Sent from my iPhone using Tapatalk Pro


----------



## WillieT

Nice catch and report.


----------



## cclayton01

Nice job, Isaac!


----------



## OUTLAW

Good report, gotta try mine next trip


Sent from my iPhone using Tapatalk


----------



## TX HOOKSETTER

cclayton01 said:


> Nice job, Isaac!


Thank you, Collin.



OUTLAW said:


> Good report, gotta try mine next trip
> 
> Sent from my iPhone using Tapatalk


Takes some getting used to on setting the hook but man do they work.


----------



## Sgrem

These are great baits. We throw them wade fishing.


----------



## troutsupport

Great work Hooksetter!!!! awesome to see great catches with the lure. Congrats on the fish!!!


----------



## sea hunt 202

nice job bro


----------



## troutsupport

They killed it in the Surf this summer. Killed it!


----------



## troutsupport

This came in this morning... New Personal best trout for him... I asked if he had a pic... but figured I'd post up anyway.. from Joe Obrien via email this morning. 

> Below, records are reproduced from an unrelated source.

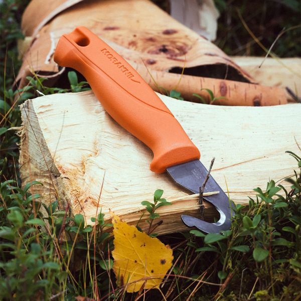 The ergonomic polymer handle has a sturdy finger guard and a 2.0 mm thick, curved blade made of recycled Swedish stainless steel, which provides both strength and stability in every pulling cut. Thanks to the blade and handle design, the knife is optimal for working safely and efficiently in various weather conditions all year round. Knife sheath made of polymer.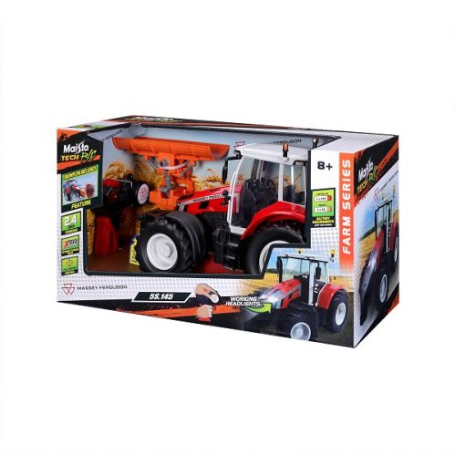 Traktor Massey Ferguson s radlicou a diaľkovým ovládaním 2,4 GHz. Extrémny pomer otáčania, plne funkčné ovládanie, funkčné svetlomety. Pištoľová rukoväť na jednoduché ovládanie. Predné a zadné konektory, riadenie predných kolies s detailmi dezénu pneumatík. Predná radlica sa dá natáčať zo strany na stranu. Mierka 1:16. Vyžaduje 2 x AAA a 4 x AA batérie (nie sú súčasťou balenia). Rozmer balenia: 45x25x20cm. Vek: 3+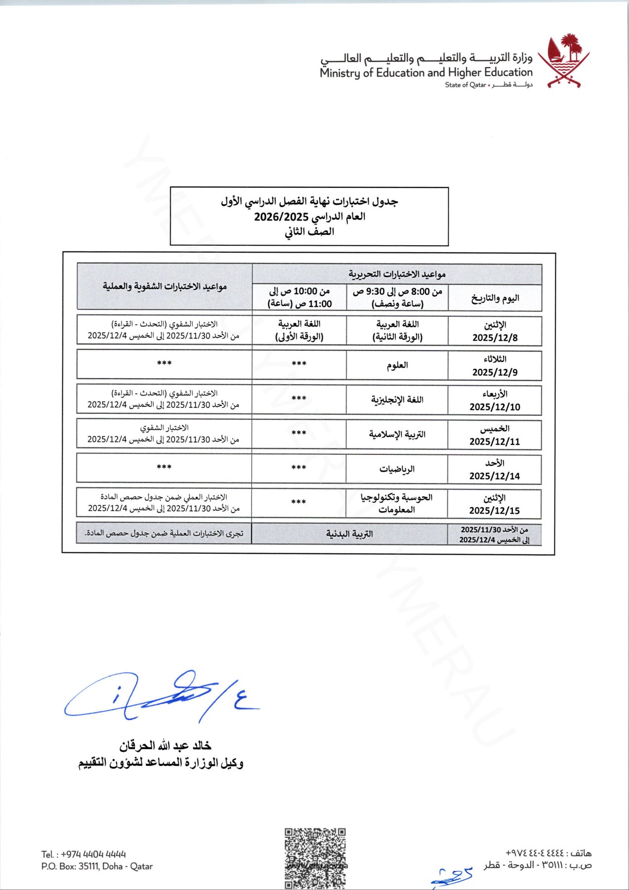جدول اختبارات نهاية الفصل الأول المستوى الثاني في قطر: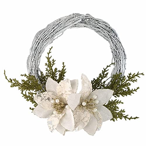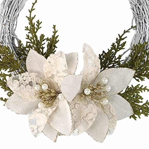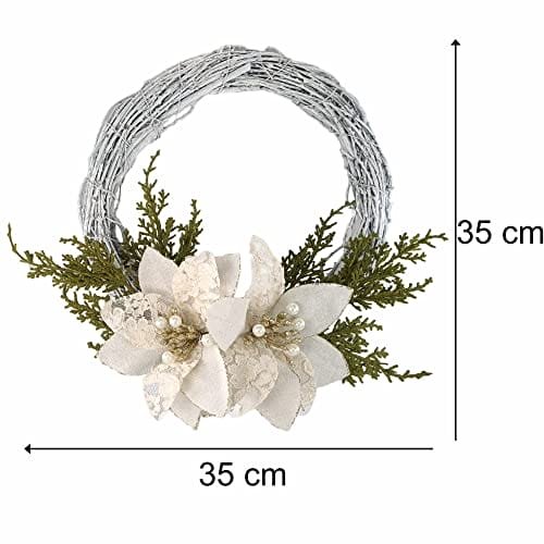 STEFANAZZI Wieniec Świąteczny Made in Italy 35cm z różami Boże Narodzenie bawełna koronki sosna na drzwi ozdoby kominkowe wejście do domu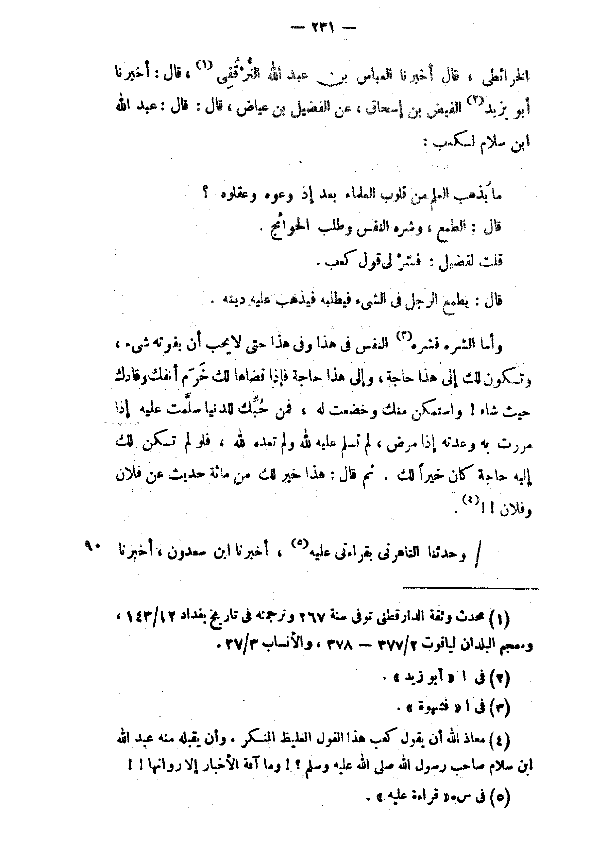 الخرائطي قَالَ أخبرنَا الْعَبَّاس بن عبد الله الترقفى قَالَ أخبرنَا أَبُو يزِيد الْفَيْض بن إِسْحَاق عَن الفضيل بن عِيَاض قَالَ قَالَ عَبْدُ اللَّهِ ابْن سَلَّامٍ لِكَعْبٍ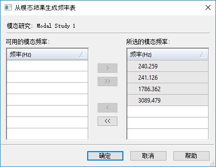 在从模态结果生成频率表对话框中,选择想要调查的模态研究的相应频率范围,或选择从低到高的范围。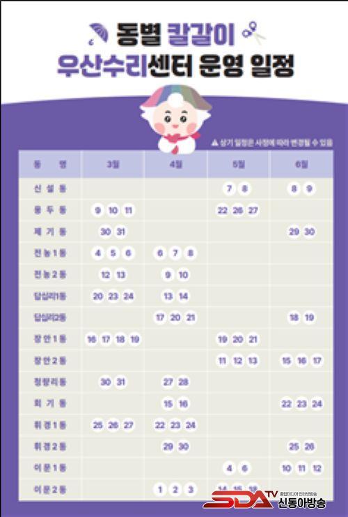 ÁֹΠü°¨µµ°¡ Å« ¼ºñ½º´Â ¡®¿ì¸® µ¿³× Ä®°¥ÀÌ¡¤¿ì»ê¼ö¸®¼¾ÅÍ¡¯´Ù. ¿äÁòÀº µ¿³×¿¡¼ Ä®°¥À̸¦ ¸Ã±æ °÷À» ã±â ½±Áö ¾Ê´Ù. ±¸´Â ÀÌ °ø¹éÀ» ¸Þ¿ì±â À§ÇØ µ¿ Áֹμ¾Å͸¦ ÇϷ羿 ¼øÈ¸ÇÏ¸ç ¹«µ®Áø Ä®°ú °¡À§´Â ³¯À» ¼¼¿öÁÖ°í, °íÀå ³ ¿ì»êÀº »ì(»À´ë) ±³Ã¼ µî °£´Ü ¼ö¼±À» µ½´Â´Ù. ¿î¿µ ½Ã°£Àº ÆòÀÏ ¿ÀÀü 10½Ã 30ºÐ~¿ÀÈÄ 4½Ã, ºñ¿ëÀº ¹«·á´Ù. ¿ì»êÀº ¼ö¸® ½Ã°£ÀÌ ºñ±³Àû ±æ¾î Á¢¼ö ¹°·®ÀÌ ¸¹À¸¸é Á¶±â ¸¶°¨µÉ ¼ö ÀÖ´Ù°í ±¸´Â ¾È³»Çß´Ù.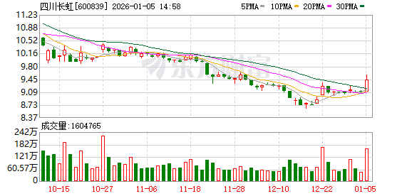 每经AI快讯,1月5日,四川长虹短线拉升涨近4%,成交额超12.6亿元。 (文章来源:每日经济新闻) ...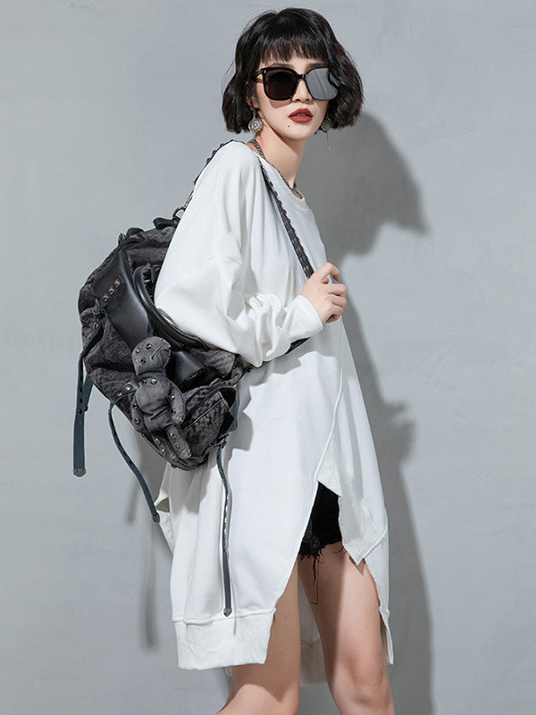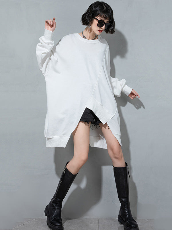 Urban Solid Color Split-Joint Long Sleeve T-Shirt Top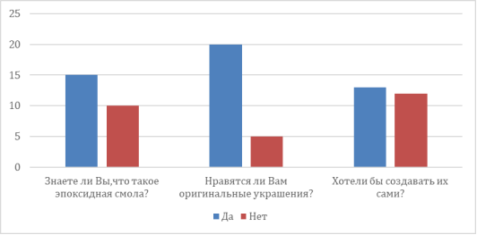 Эпоксидная смола — материал, знакомый практически каждому человеку, находящемуся в сознательном возрасте и детям, занимающимся творческой деятельностью. Но у нас возник вопрос, все ли наши одноклассники знают про этот материал и интересна ли тема создания уникальных украшений. Для этого мы провели опрос. В нём приняли участие 25 человек.

"Confirming that I can watch all the videos - awesome - thanks.
I drove an hour to Anglers Anonymous (that I found on your site) and bought one of each of your plastics - two of each of a couple.
Went fishing for 3 hours this past Sat. off Sportsman in Galveston and caught an angry 19" Red, a 21" and a PB 24" Trout on your plastics! Man, I'm excited!"


----------



## troutsupport

Had a guy in Florida call me this morning.. from Jacksonville. His brother bought some lures and they fished together with them and did real well down there so he was calling to order some before the next trip. Super cool.


----------



## troutsupport

Will be talking to the 'Tacklebox' in Victoria this week. Hope to give you guys another outlet to pick them up. Ya'll keep asking for them at your tackle shops. For those of you that fish the beach in the summer and west bay in the winter and spring.. ya'll tell k6 to carry them on the island.


----------



## troutsupport

Kyle Eskue is a Galveston guy that uses the TSL and has been catching solid trout on the TSL in west bay for the last year or more since they came out. Golden Roach lands another big one.


----------



## troutsupport

Rick Commander texted me this report and video yesterday. From Rockport... a 24 1/2 and a 28 1/2 on the Pink. I was only able to take a still frame from his short video clip.


----------



## troutsupport

great time of year to fish shallow grass.. and the grass won't stop floating up until late december..


----------



## troutsupport

Wow.. more studs!!!!! Congrats to Rick Commander fishing in Rockport; Dude it is Killin It on the GrassWalker!!!!


----------



## Marker 54 Lures

wow .. all i can say is .. 

wow... ...


----------



## troutsupport

Thanks Josh, appreciate it bro.

Hey, here's something cool.. Sunday and this morning two new lure testimonilas came through the site. Ya'll can check them all out on the Reviews Tab located under the color selection drop down. ----- https://troutsupport.com/product/trout-support-lure/


----------



## troutsupport

A customer down in Corpus has been KILLIN IT on the flats with the TSL GrassWalker. Justin Stiles... He even put his Uncle on his first ever redfish using a GrassWalker


----------



## troutsupport

and another. All this week I've gotten notes from guys that are catching fish on it.


----------



## troutsupport

Another testimonial for the lure came in through the site.

see the whole list of reviews at 
https://troutsupport.com/product/trout-support-lure/#reviews


----------



## Trouthunter

Must make you proud Tobin! We love the baits!

TH


----------



## troutsupport

Makes me super happy that the baits are working for guys and they are finding the same need I saw and it's working for them. It's a 'finding a solution that works' thing; right.


----------



## koyhoward

Hey Tobin. I'm headed to Rockport this weekend and going through Victoria. Is The Tacklebox carrying these yet? If not, is there anyway I could pick some up from you in Austin. Short notice I know but thought I'd give it a shot. Looking forward to trying these out.


----------



## barronj

I texted him to check the thread but they are also sold @ Tackle Town in Rockport.


----------



## troutsupport

Yes, you can come by the House... errr ummm, TroutSupport Corporate Campus hehe.. anytime. 

I'll pm you the address


----------



## troutsupport

A little late ... Kevin Just sent me an email with this pic from August... He caught his personal best on the GrassWalker this summer. And yes Kevin we can teach you to catch those in the winter.. and BIGGER!


----------



## troutsupport

Yet another report of an angler killing it with the Grasswalker


----------



## troutsupport

My customer Rick Commander caught these two fish today in Rockport. The one oh his right was caught on a FatBoy, the one of his left was a GrassWalker fish. I'll try to get details as to the size... great fish for that area.


----------